Caranya? Sederhana saja. Kita hanya harus bersedia mengalokasikan waktu dan dana yang bisa dibilang tidak begitu banyak untuk membantu mereka yang ada di sekitar kita. Contohnya, tetapkan saja bahwa setidaknya sekali dalam satu bulan kita akan menggunakan sebagian uang kita untuk membeli produk mereka. Misal belilah bakso keliling di sekitar tempat kita secara teratur. Mungkin sebagian dari kita akan merasa ih ngapain? Enakan beli Bakmi GM, bakmi Tebet, Japos atau bakmi terkenal lainnya. Tapi pernahkan kita bayangkan bahwa dengan tindakan kita yang secara massif dapat membantu menopang hidup mereka bahkan meningkatkan kehidupan mereka? Kita senang bisa menikmati bakso hangat dengan harga lebih murah, bisa kenalan dengan abang bakso, dan dalam berbagai kesempatan bisa menjalin hubungan pertemanan, persahabatan bahkan kekeluargaan dengan mereka. Isn’t nice?

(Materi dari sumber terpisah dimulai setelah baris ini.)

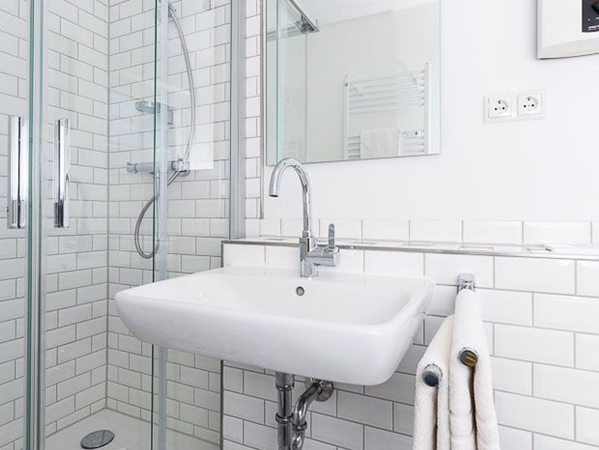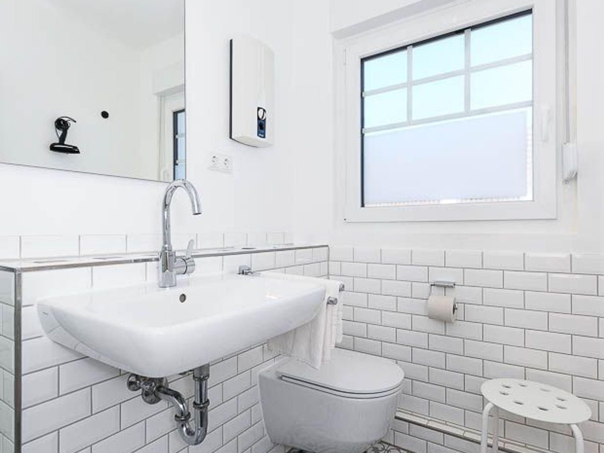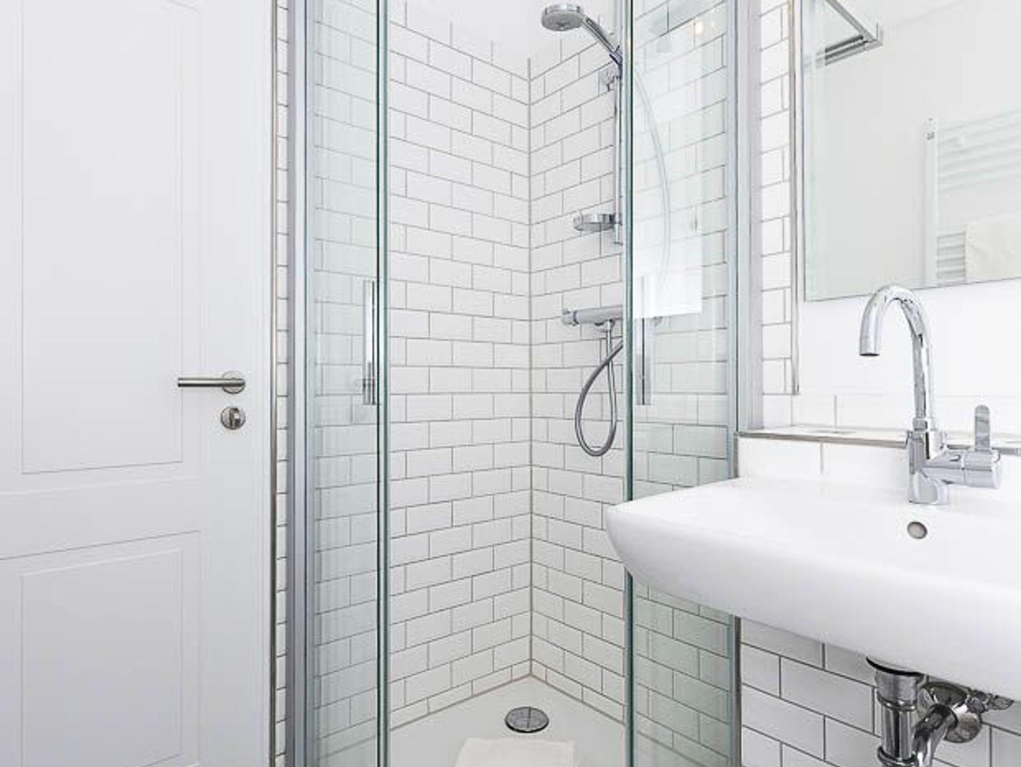 Badezimmer mit Dusche, Waschtisch und WC

Tapi mungkin yang paling berpengaruh apabila kita tidak melulu beli barang-barang consumer goods kebutuhan sehari-hari di Hyper Market semacam Carrefour, Giant, atau Makro. Kalau sekiranya hanya beli sikat gigi dan odol, ngapain sih ke Carrefour? Kenapa tidak ke tetangga kita saja yang punya toko kelontong. Selain lebih hemat, tidak usah bayar parkir, lebih ekonomis dalam mengerem hasrat konsumerisme, sekalian kita membantu hidup tetangga kita yang berjualan itu. habis kalau bukan kita sebagai tetangga yang beli lalu siapa lagi? Sebenarnya terdengar sepele dan a little bit ridiculous tapi bayangkan kalau semua orang Indonesia melakukan hal yang sama? Pasti hal tersebut akan menciptakan hasrat berwirausaha di sekitar kita dan akan cenderung mengerem sifat konsumerisme yang berlebihan yang selama ini kita lakukan. Lalu, tanya saya, bagaimana dengan lapangan kerja yang bisa diciptakan oleh hyper market itu. sekali lagi dia berkata "tenaga kerja yang sedianya bekerja di hyper market akan diserap oleh kesempatan wirausaha yang terbuka selain itu akan mengurangi arus urbanisasi ke kota-kota besar". "Hmmm boleh juga" pikirku.
Langkah kecil yang bisa membuat perbedaan, mungkin. Terlebih lagi bila langkah kecil ini kita lebarkan kepada prinsip mengkonsumsi barang/ produk buatan negeri sendiri daripada Impor. Mungkin exchange rate kita terhadap USD tidak akan separah sekarang.
Gara-gara sambil merenung, buku yang tadi saya baca, secara tidak disadari, tergeletak di lantai.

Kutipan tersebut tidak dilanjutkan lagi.